§ **To do**
Using the listing below, copy exactly each line from the one that has "Предназначено для устройства" through the one that has "925 Silver 14ct"; omit the pictures.

§ **Data under study**
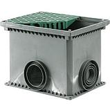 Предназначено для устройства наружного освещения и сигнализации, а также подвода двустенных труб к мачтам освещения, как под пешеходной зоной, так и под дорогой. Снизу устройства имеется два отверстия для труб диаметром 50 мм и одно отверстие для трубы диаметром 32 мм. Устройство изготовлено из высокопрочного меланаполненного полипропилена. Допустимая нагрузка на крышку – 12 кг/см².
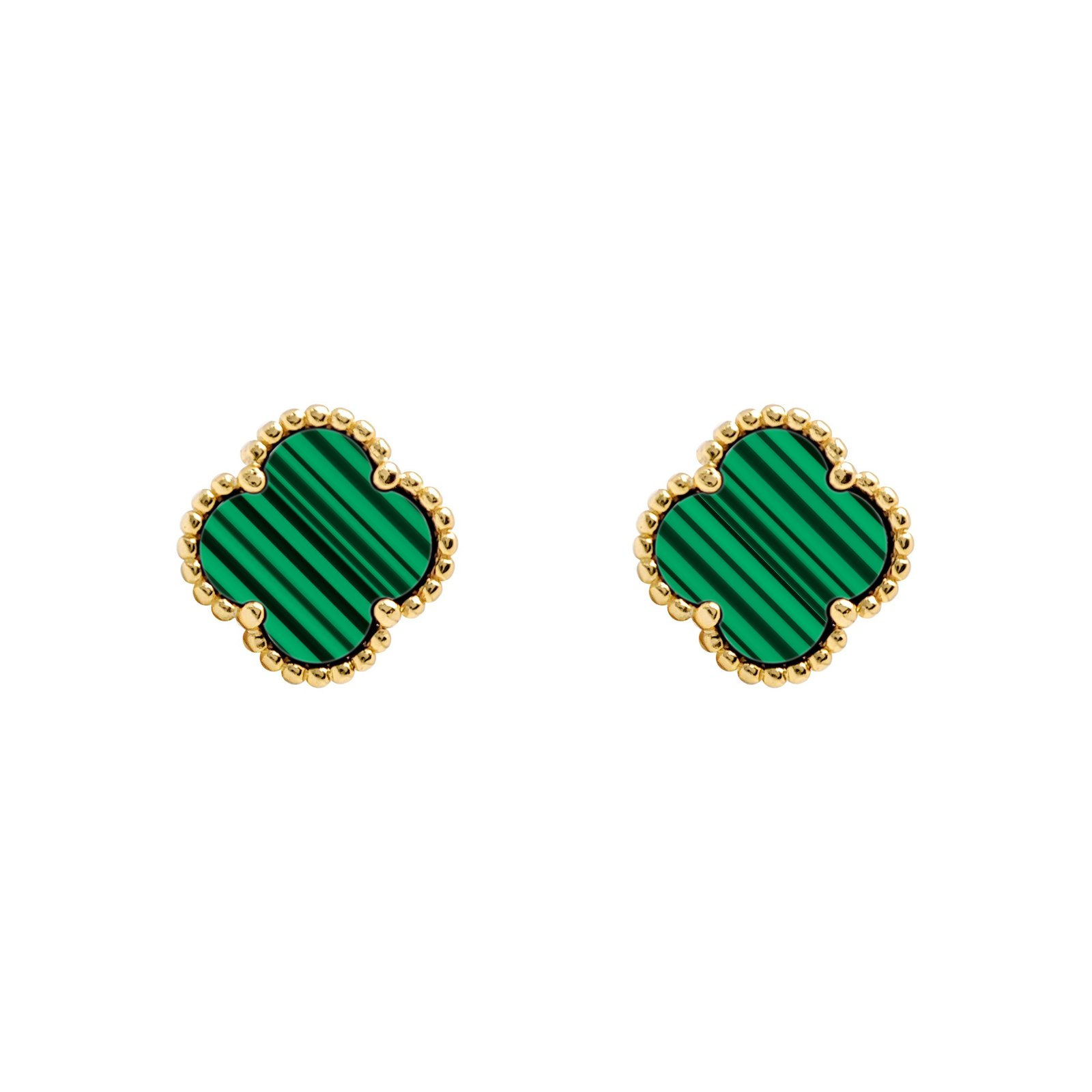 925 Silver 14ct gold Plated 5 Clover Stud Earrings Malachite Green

* * *

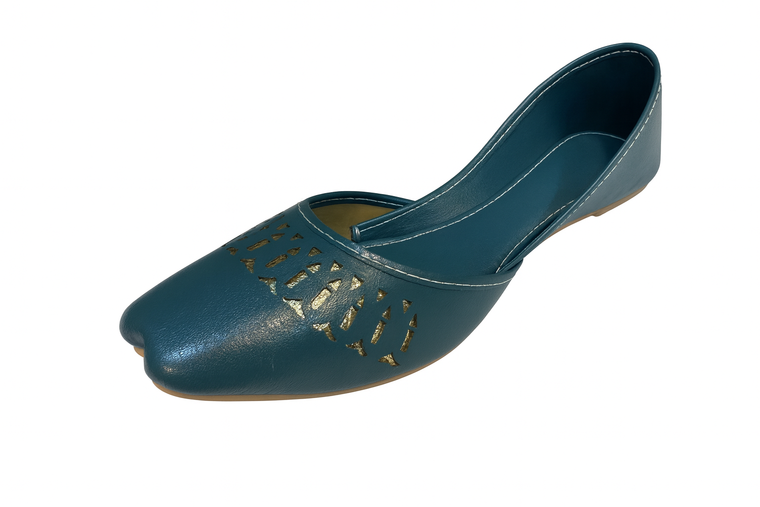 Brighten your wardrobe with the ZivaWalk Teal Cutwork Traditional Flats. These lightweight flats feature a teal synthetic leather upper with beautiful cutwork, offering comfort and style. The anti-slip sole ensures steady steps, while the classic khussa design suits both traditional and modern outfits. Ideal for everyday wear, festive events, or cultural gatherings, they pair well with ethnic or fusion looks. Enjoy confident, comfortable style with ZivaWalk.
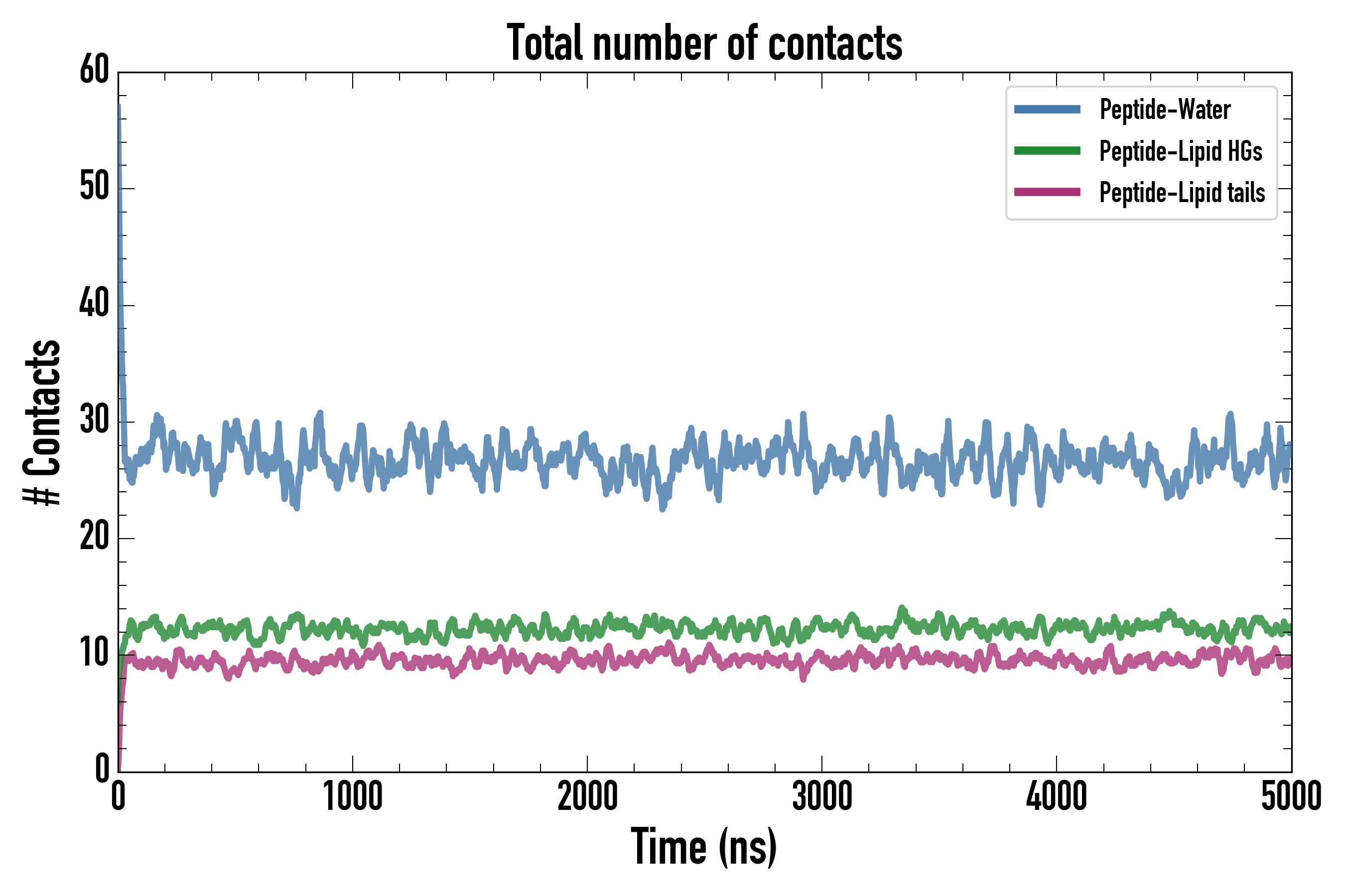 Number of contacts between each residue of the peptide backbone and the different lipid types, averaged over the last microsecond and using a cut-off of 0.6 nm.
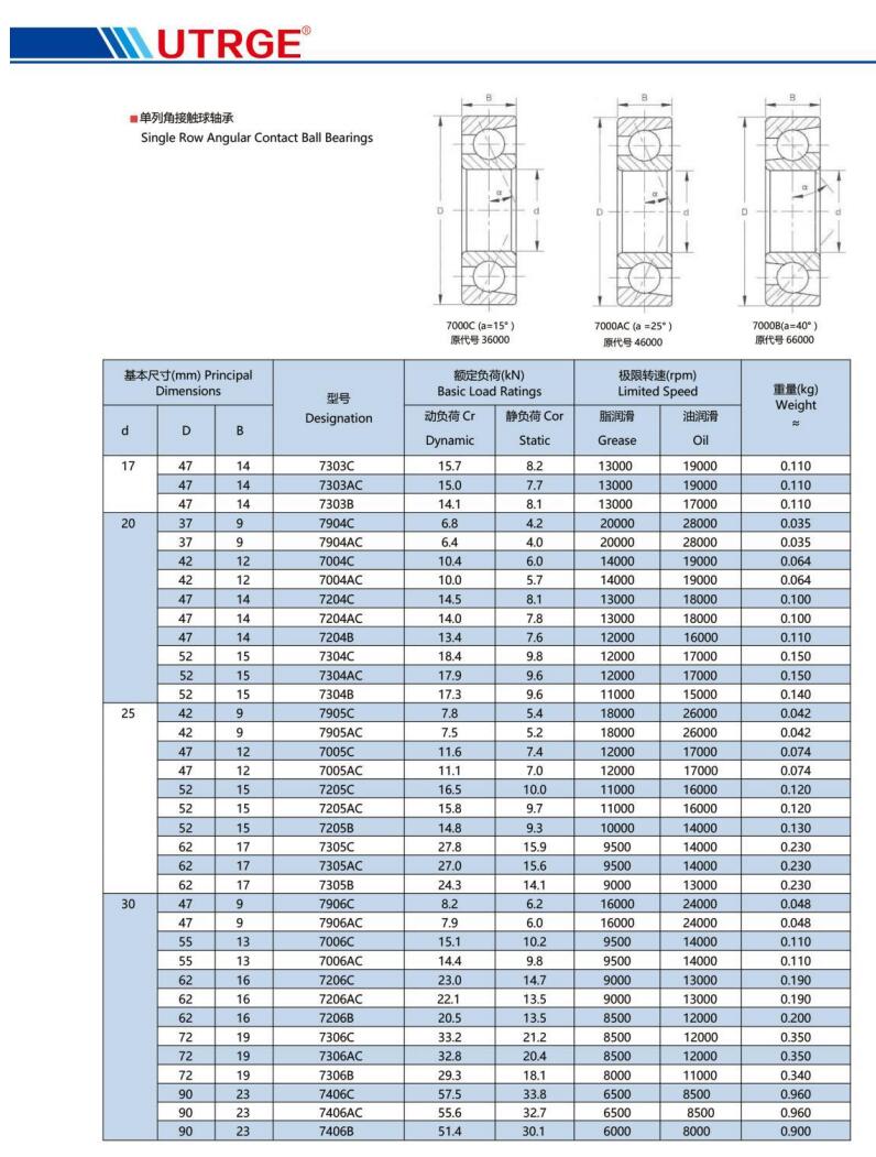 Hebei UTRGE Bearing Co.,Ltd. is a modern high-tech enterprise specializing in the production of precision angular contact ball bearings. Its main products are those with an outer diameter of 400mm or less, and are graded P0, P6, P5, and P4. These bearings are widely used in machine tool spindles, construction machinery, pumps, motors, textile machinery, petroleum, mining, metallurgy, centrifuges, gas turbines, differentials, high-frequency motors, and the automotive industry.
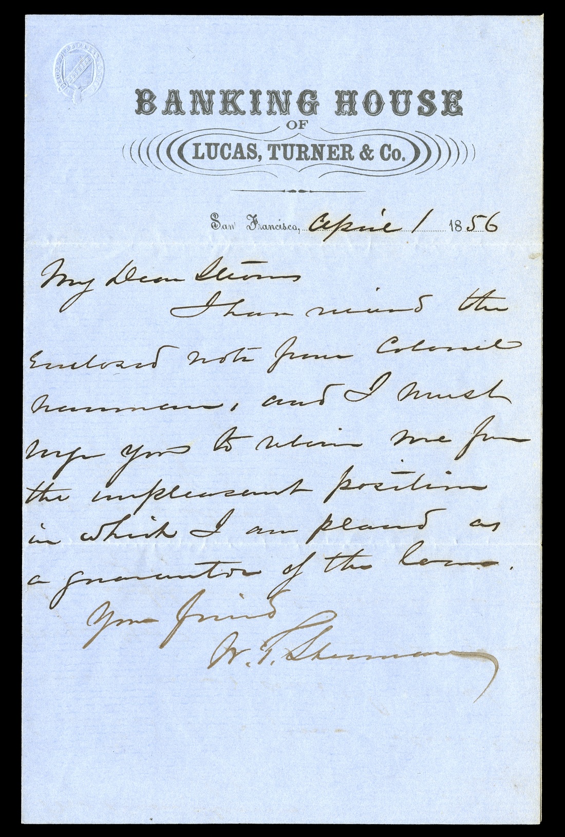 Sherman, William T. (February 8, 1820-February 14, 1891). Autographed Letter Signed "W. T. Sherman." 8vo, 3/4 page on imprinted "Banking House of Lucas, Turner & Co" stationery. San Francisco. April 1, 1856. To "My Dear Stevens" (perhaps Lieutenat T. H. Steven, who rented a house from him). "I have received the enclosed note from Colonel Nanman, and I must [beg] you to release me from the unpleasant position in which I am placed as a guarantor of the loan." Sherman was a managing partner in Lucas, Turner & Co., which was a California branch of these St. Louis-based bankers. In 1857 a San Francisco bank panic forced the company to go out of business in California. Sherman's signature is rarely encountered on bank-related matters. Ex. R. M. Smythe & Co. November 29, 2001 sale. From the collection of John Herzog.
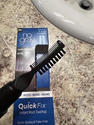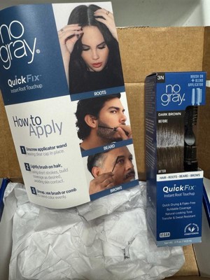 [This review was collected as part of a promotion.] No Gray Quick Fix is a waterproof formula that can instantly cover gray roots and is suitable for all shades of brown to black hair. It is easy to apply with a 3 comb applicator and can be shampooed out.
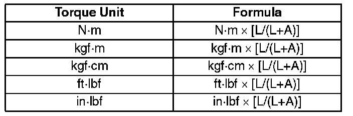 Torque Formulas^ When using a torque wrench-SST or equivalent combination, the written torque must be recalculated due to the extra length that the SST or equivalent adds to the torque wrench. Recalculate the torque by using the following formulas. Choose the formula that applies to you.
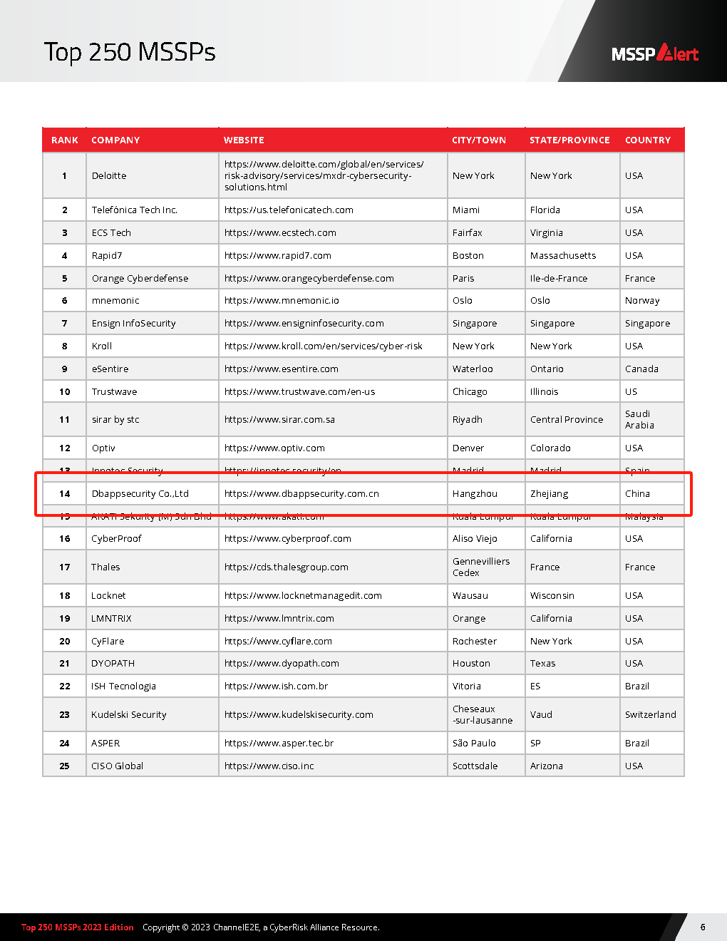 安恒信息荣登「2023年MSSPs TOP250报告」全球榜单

...

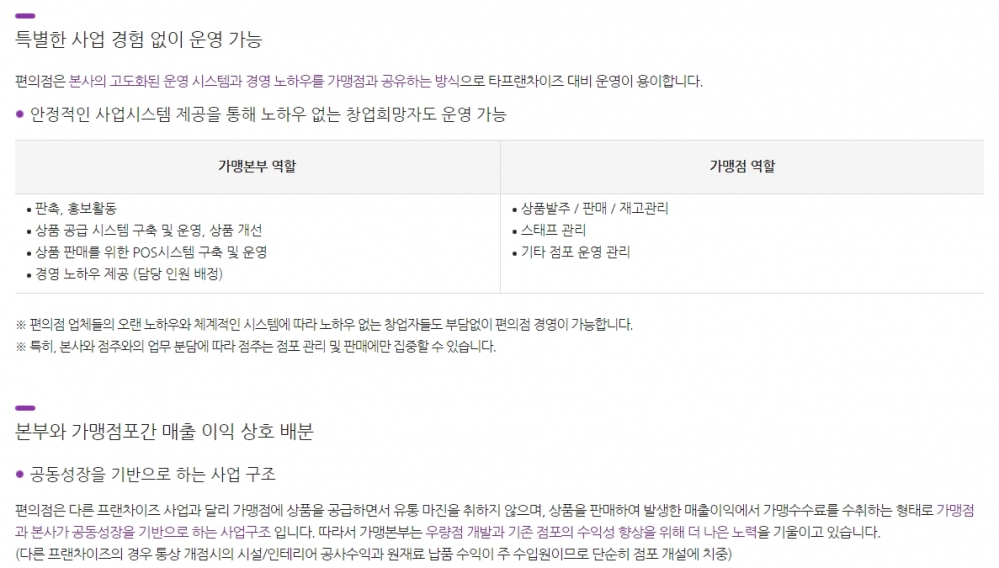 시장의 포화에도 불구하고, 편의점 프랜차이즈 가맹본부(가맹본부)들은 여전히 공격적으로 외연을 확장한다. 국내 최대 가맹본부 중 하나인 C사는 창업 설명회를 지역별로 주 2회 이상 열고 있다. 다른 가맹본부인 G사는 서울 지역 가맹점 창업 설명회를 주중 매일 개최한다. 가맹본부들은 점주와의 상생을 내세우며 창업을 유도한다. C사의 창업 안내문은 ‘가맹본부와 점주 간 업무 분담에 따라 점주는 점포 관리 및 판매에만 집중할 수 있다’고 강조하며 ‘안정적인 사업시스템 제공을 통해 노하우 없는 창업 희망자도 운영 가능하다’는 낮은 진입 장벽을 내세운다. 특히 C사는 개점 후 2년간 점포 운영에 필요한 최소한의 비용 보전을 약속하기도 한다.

§ **The answer**
 Предназначено для устройства наружного освещения и сигнализации, а также подвода двустенных труб к мачтам освещения, как под пешеходной зоной, так и под дорогой. Снизу устройства имеется два отверстия для труб диаметром 50 мм и одно отверстие для трубы диаметром 32 мм. Устройство изготовлено из высокопрочного меланаполненного полипропилена. Допустимая нагрузка на крышку – 12 кг/см².
 925 Silver 14ct gold Plated 5 Clover Stud Earrings Malachite Green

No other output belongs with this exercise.